The Apology of Socrates: Philosophy and the Democracy
9. ‘Socrates is an atheist who corrupts our youth!’ So his accusers allege. He came to their attention by questioning their fathers, the local notables: statesmen, poets, educators. Why did he do this? Why did Socrates leave behind his cosmological studies for political philosophy? Perhaps he did so because natural science studies already implicate the beliefs, and thereby the laws, of the polis. If the moon is a rock, it is not a god. If the moon is not a god, are other beliefs of Athenian citizens equally baseless? Where does that leave the city?

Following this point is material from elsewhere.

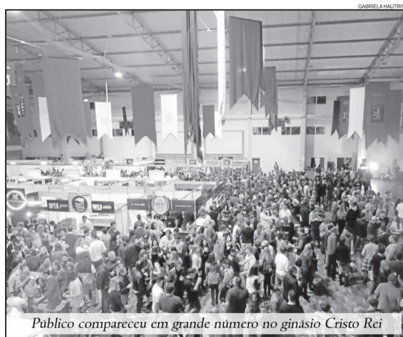
Público compareceu em grande número no ginásio Cristo Rei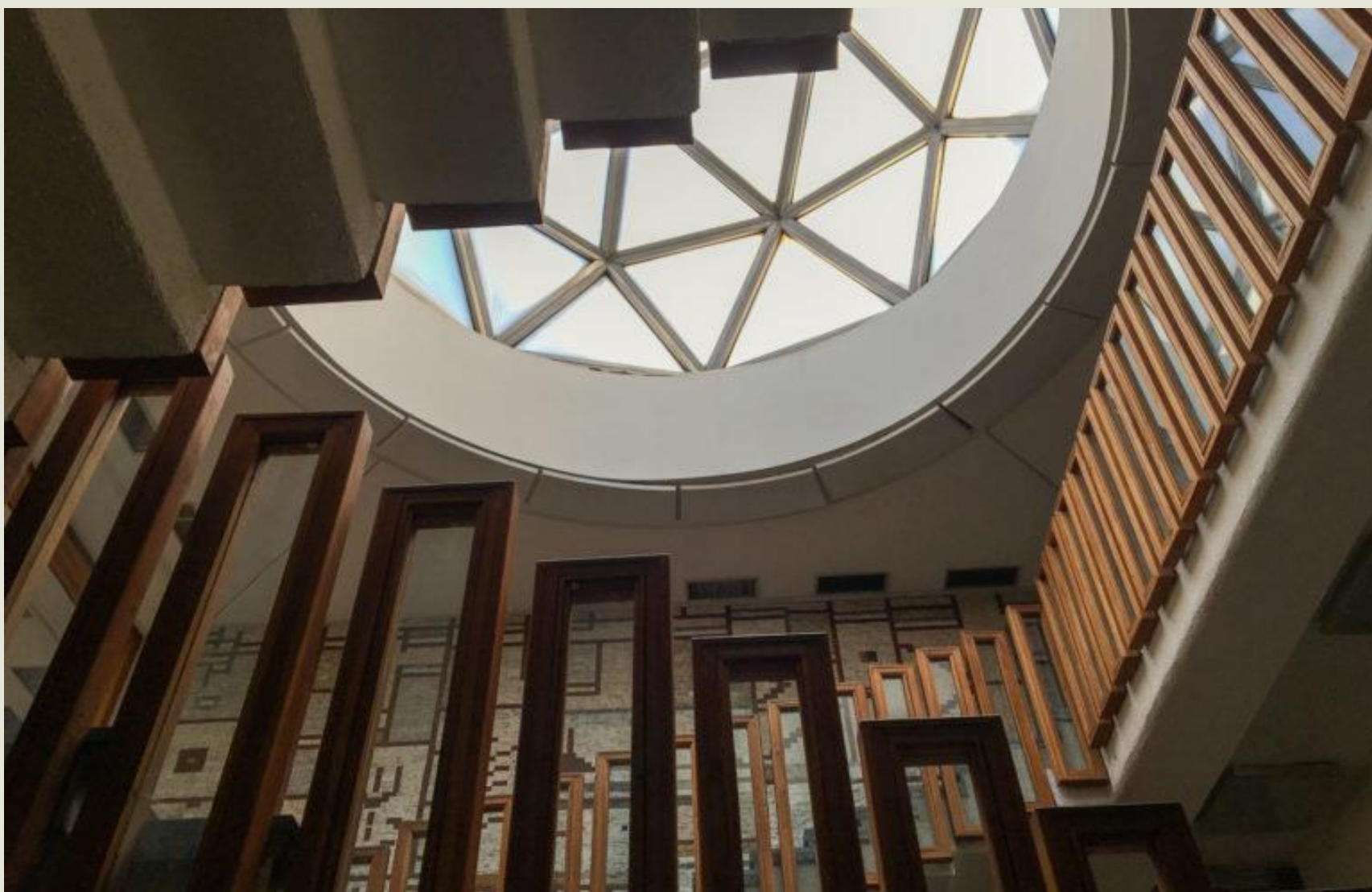
Fig. 4 Biblioteka Kombëtare e Kosovës "Pjetër Bogdani"

10. The Delphic oracle of Apollo told Socrates’ friend Chaerephon that no man is wiser than Socrates. Socrates ups the ante, telling the jury that the oracle called him the wisest (21a-b). Socrates pretends that he intended his conversations with his fellow Athenians to be proofs of his allegiance to an oracular command. There was no command. Socrates’ dialogues with Athenians prove his impiety; he spent the rest of his life testing the truth of the oracle of the god. A pious man would say that gods test us. Only the impious test the gods. Or is Socrates merely testing the oracle, the ‘medium’ of the god? In that case, he wants to question the authority of a person who claims unquestionable authority over the city. What other authorities, divine or human, might such a man dare to question—’in front of the children,’ no less?

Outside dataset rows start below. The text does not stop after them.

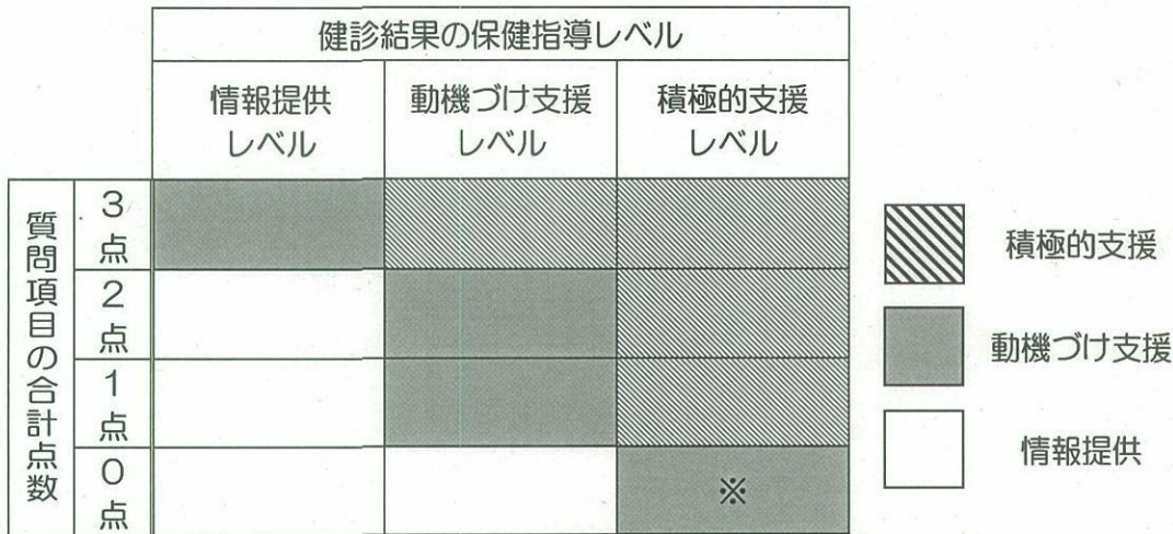
健診結果の保健指導レベルと質問項目の合計点数による保健指導の判定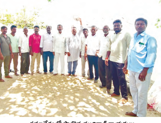
సమావేశంలో పాల్గొన్న ముదిరాజ్ నాయకులు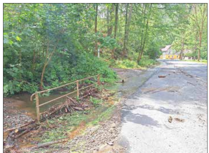
Durchlass Bärenhohlflüsschen im Polenztal

Die Bergstraße zwischen Goßdorf und Kohlmühle muss leider weiter gesperrt bleiben. Der neu entstandene Schaden muss begutachtet und beseitigt werden. Wir bitten um Verständnis.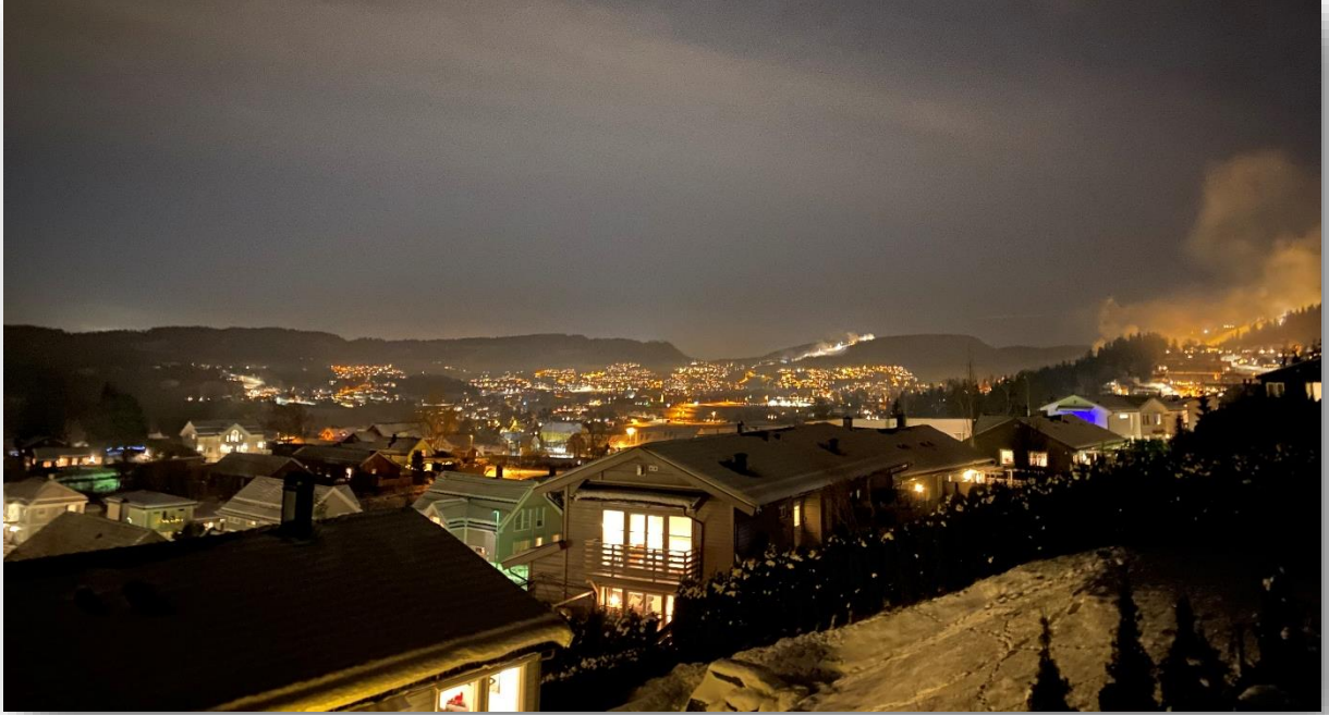
Også Lommedalen og Bærums Verk urbaniseres

11. Socrates’ dialectical tests have made him hated. Statesmen, poets, artisans, and educators do not like to be tested any more than gods and oracles do. To be tested is bad enough, but to fail the test—this injures their claim to rule. Any claim to rule is at bottom a claim that you are virtuous and, particularly, wise—that you know what the good is, and that you know how to get it, maybe from the gods themselves. Socrates tests the wisdom of the most authoritative men of Athens, and finds it to be lacking. Had Socrates any power, he would be a menace. Without power, he is a gadfly who deserves swatting. But this powerless man also talks to the young. Will they question, then overthrow their fathers? That is a real menace. One of Socrates’ interlocutors was Alcibiades.
12. ‘Meletus’ means ‘caring one.’ He speaks for the highest human authorities, the poets, who in turn speak for the gods. Meletus indirectly speaks for the greatest of caretakers, the gods, who care for their own—the earth and the creatures on it. But does young Meletus know what ‘his own’ truly is?

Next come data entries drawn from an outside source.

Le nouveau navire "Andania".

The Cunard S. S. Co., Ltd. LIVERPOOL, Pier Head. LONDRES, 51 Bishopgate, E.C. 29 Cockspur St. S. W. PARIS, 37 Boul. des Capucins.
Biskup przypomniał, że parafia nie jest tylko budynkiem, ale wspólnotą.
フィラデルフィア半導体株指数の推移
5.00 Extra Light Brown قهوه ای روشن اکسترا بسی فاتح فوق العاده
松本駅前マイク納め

13. Behind the law against impiety, behind all the laws, are the lawmakers. Athens is a democracy; the lawmakers are the people. Athenians want to say, ‘We make the laws here’ and ‘the laws are divinely inspired.’ Vox populi, vox Dei?
14. Meletus calls Socrates an atheist. He also accuses Socrates of believing in new daimonion. The daimonion are either gods or children of the gods, Like the Athenians, Meletus is bifurcated, his accusations incoherent. Socrates easily shows Meletus’ self-contradiction. As for Socrates himself, he appears to be equally divided: The oracle of Apollo leads him to press forward in his dangerous political-philosophic quest, whereas at least in most things his daimonion counsels caution, although never specifically to halt his quest. Perhaps this tension (if not contradiction) amount to two aspects of the same thing: philo-sophia requires daring and prudence, careful choice in philosophic companions. Socrates has his friends, and they have protected him into his seventieth year. They can protect him still, if he will let them.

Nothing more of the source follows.